(Items listed in a dataset)
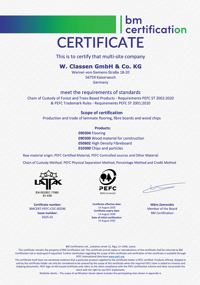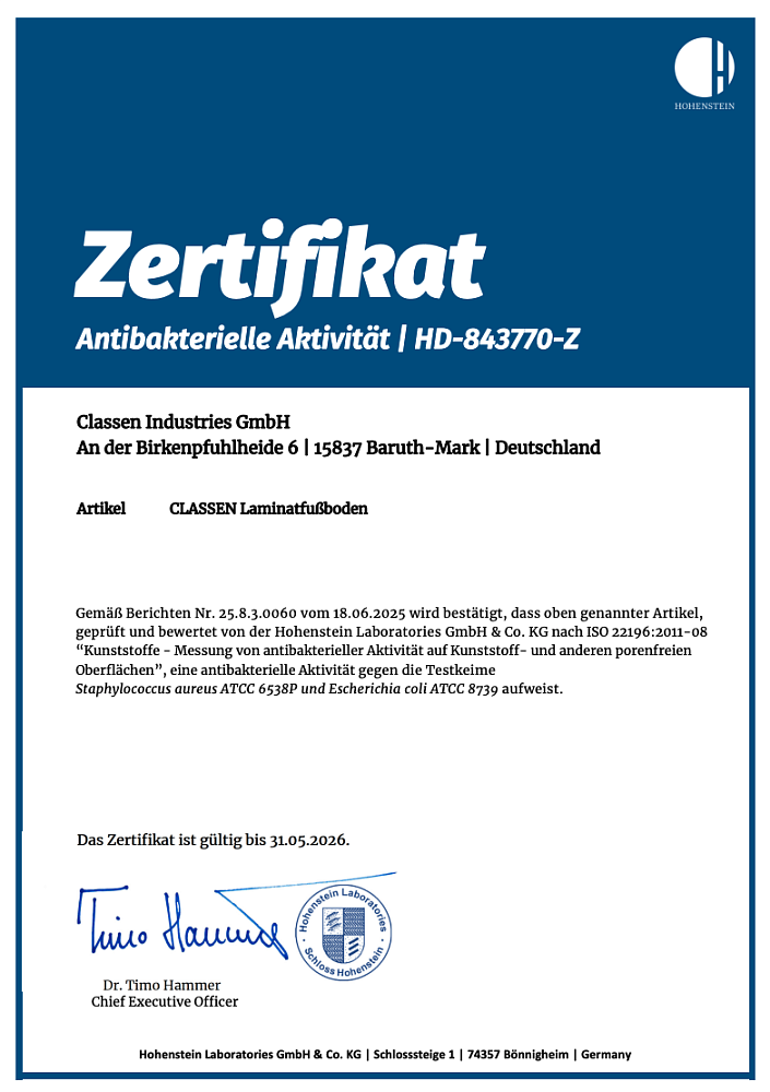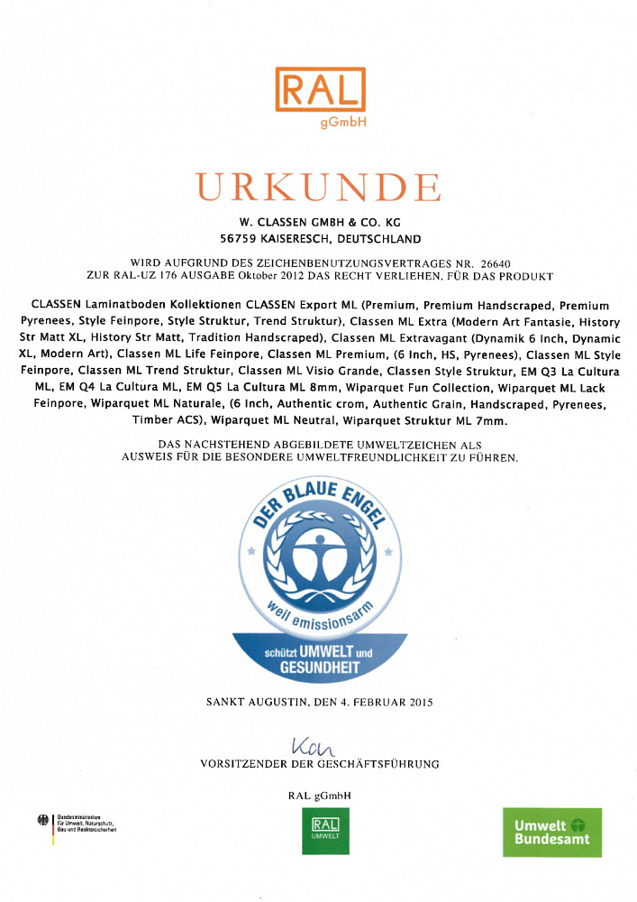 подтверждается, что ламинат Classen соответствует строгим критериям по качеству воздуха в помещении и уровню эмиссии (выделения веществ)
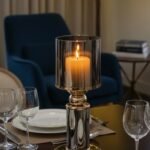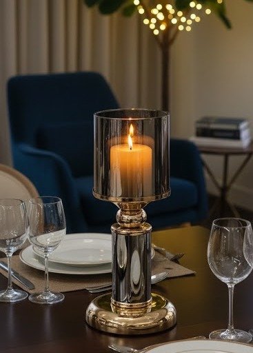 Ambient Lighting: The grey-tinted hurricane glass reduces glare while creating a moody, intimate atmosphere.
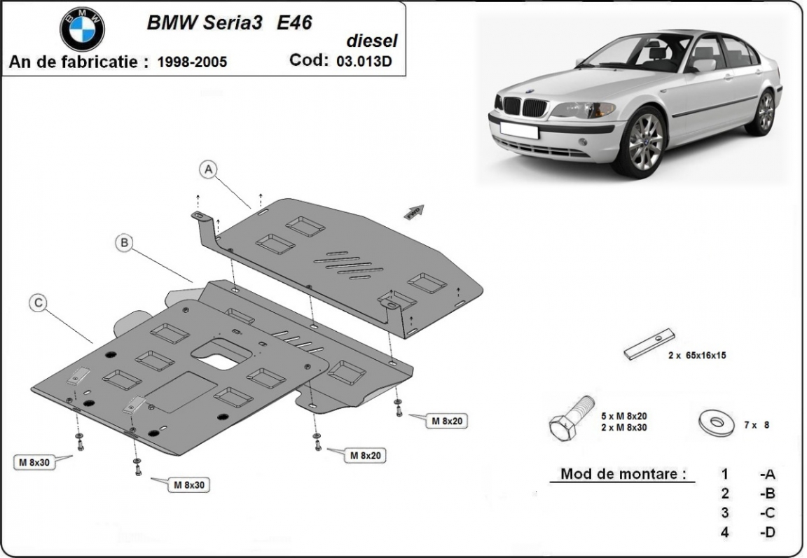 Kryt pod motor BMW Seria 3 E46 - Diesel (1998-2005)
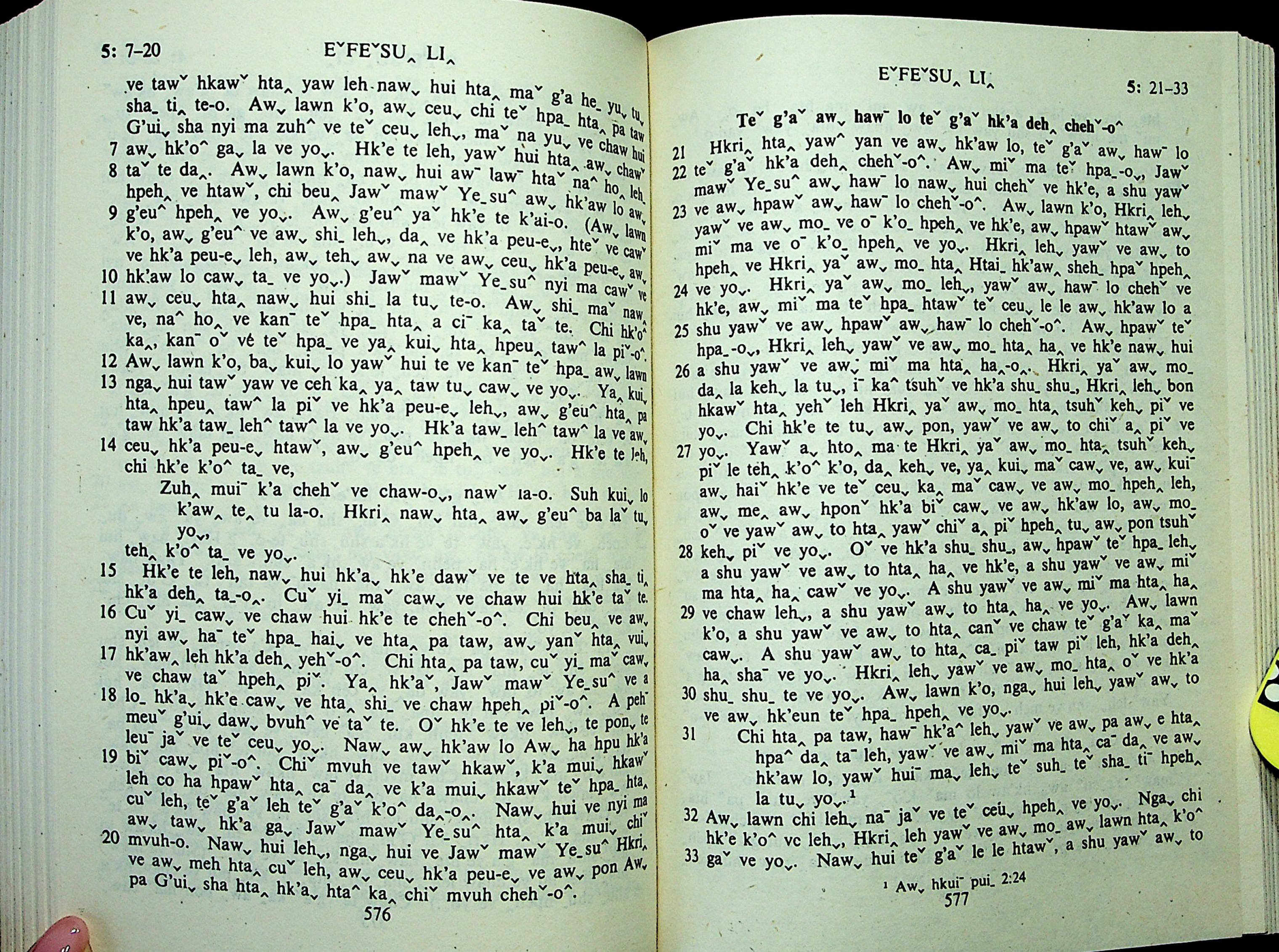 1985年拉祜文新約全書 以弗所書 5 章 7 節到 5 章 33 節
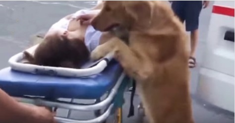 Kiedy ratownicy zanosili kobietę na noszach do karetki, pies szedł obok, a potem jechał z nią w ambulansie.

• [Exercise aim] Strip out the pictures and quote the remaining data word for word.

• [Answer box]
 подтверждается, что ламинат Classen соответствует строгим критериям по качеству воздуха в помещении и уровню эмиссии (выделения веществ)
 Ambient Lighting: The grey-tinted hurricane glass reduces glare while creating a moody, intimate atmosphere.
 Kryt pod motor BMW Seria 3 E46 - Diesel (1998-2005)
 1985年拉祜文新約全書 以弗所書 5 章 7 節到 5 章 33 節
 Kiedy ratownicy zanosili kobietę na noszach do karetki, pies szedł obok, a potem jechał z nią w ambulansie.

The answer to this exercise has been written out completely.